Exercise objective: Copy out the entries that come next, exactly.

Data extract:
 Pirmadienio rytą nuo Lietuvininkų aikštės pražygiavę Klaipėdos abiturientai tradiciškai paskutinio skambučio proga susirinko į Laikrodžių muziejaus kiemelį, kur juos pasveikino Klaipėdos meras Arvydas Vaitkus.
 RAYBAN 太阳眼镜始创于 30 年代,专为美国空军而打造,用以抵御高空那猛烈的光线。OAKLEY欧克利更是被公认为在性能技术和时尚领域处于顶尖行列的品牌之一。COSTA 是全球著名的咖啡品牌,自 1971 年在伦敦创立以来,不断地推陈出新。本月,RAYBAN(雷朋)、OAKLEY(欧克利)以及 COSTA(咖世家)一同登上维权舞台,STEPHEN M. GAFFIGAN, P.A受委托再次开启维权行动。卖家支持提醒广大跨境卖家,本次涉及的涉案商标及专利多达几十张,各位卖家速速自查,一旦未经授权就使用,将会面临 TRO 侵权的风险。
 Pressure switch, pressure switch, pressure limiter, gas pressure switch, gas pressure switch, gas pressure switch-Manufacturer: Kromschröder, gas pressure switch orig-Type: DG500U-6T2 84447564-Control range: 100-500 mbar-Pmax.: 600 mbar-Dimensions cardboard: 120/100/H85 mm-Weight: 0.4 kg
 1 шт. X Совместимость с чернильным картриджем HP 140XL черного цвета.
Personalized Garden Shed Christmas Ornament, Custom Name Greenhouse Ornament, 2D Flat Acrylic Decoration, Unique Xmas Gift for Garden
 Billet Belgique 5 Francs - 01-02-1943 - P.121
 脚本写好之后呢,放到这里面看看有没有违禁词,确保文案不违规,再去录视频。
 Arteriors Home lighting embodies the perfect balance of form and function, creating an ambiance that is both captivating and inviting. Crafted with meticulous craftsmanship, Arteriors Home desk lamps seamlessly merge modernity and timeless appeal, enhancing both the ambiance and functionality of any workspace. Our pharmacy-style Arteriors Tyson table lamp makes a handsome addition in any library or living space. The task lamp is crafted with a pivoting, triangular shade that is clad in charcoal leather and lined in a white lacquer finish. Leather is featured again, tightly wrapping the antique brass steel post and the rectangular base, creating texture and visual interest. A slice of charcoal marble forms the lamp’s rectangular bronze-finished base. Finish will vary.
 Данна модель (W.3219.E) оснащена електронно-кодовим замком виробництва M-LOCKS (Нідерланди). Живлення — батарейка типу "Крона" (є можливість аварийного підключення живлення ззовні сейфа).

Solution to this exercise:
 Pirmadienio rytą nuo Lietuvininkų aikštės pražygiavę Klaipėdos abiturientai tradiciškai paskutinio skambučio proga susirinko į Laikrodžių muziejaus kiemelį, kur juos pasveikino Klaipėdos meras Arvydas Vaitkus.
 RAYBAN 太阳眼镜始创于 30 年代,专为美国空军而打造,用以抵御高空那猛烈的光线。OAKLEY欧克利更是被公认为在性能技术和时尚领域处于顶尖行列的品牌之一。COSTA 是全球著名的咖啡品牌,自 1971 年在伦敦创立以来,不断地推陈出新。本月,RAYBAN(雷朋)、OAKLEY(欧克利)以及 COSTA(咖世家)一同登上维权舞台,STEPHEN M. GAFFIGAN, P.A受委托再次开启维权行动。卖家支持提醒广大跨境卖家,本次涉及的涉案商标及专利多达几十张,各位卖家速速自查,一旦未经授权就使用,将会面临 TRO 侵权的风险。
 Pressure switch, pressure switch, pressure limiter, gas pressure switch, gas pressure switch, gas pressure switch-Manufacturer: Kromschröder, gas pressure switch orig-Type: DG500U-6T2 84447564-Control range: 100-500 mbar-Pmax.: 600 mbar-Dimensions cardboard: 120/100/H85 mm-Weight: 0.4 kg
 1 шт. X Совместимость с чернильным картриджем HP 140XL черного цвета.
Personalized Garden Shed Christmas Ornament, Custom Name Greenhouse Ornament, 2D Flat Acrylic Decoration, Unique Xmas Gift for Garden
 Billet Belgique 5 Francs - 01-02-1943 - P.121
 脚本写好之后呢,放到这里面看看有没有违禁词,确保文案不违规,再去录视频。
 Arteriors Home lighting embodies the perfect balance of form and function, creating an ambiance that is both captivating and inviting. Crafted with meticulous craftsmanship, Arteriors Home desk lamps seamlessly merge modernity and timeless appeal, enhancing both the ambiance and functionality of any workspace. Our pharmacy-style Arteriors Tyson table lamp makes a handsome addition in any library or living space. The task lamp is crafted with a pivoting, triangular shade that is clad in charcoal leather and lined in a white lacquer finish. Leather is featured again, tightly wrapping the antique brass steel post and the rectangular base, creating texture and visual interest. A slice of charcoal marble forms the lamp’s rectangular bronze-finished base. Finish will vary.
 Данна модель (W.3219.E) оснащена електронно-кодовим замком виробництва M-LOCKS (Нідерланди). Живлення — батарейка типу "Крона" (є можливість аварийного підключення живлення ззовні сейфа).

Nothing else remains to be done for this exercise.